> Records supplied
· · · · ·
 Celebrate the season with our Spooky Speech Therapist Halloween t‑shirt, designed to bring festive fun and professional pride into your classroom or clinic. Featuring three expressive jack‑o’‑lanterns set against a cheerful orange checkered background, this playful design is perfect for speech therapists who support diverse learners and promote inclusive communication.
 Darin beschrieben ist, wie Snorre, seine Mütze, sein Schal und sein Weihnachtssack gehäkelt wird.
· · · · ·
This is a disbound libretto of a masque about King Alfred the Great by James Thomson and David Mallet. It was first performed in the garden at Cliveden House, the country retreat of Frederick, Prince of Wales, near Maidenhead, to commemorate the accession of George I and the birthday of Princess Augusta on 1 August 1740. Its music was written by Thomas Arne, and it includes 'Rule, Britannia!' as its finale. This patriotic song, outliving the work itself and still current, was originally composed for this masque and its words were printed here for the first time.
· · · · ·
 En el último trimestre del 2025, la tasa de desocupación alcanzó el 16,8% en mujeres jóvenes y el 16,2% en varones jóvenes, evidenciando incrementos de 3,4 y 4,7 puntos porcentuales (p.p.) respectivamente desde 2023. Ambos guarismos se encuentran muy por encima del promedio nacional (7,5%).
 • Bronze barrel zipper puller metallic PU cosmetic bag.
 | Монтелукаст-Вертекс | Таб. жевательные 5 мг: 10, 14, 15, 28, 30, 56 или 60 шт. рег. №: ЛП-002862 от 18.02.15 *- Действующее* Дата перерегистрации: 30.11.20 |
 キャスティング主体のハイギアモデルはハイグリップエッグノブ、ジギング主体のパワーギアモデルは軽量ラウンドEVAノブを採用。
· · · · ·
> Exercise goal
From the material above, copy exactly the lines between the line holding "En el último" and the line holding "キャスティング主体のハイギア", inclusive, and only those.

> Task output
 En el último trimestre del 2025, la tasa de desocupación alcanzó el 16,8% en mujeres jóvenes y el 16,2% en varones jóvenes, evidenciando incrementos de 3,4 y 4,7 puntos porcentuales (p.p.) respectivamente desde 2023. Ambos guarismos se encuentran muy por encima del promedio nacional (7,5%).
 • Bronze barrel zipper puller metallic PU cosmetic bag.
 | Монтелукаст-Вертекс | Таб. жевательные 5 мг: 10, 14, 15, 28, 30, 56 или 60 шт. рег. №: ЛП-002862 от 18.02.15 *- Действующее* Дата перерегистрации: 30.11.20 |
 キャスティング主体のハイギアモデルはハイグリップエッグノブ、ジギング主体のパワーギアモデルは軽量ラウンドEVAノブを採用。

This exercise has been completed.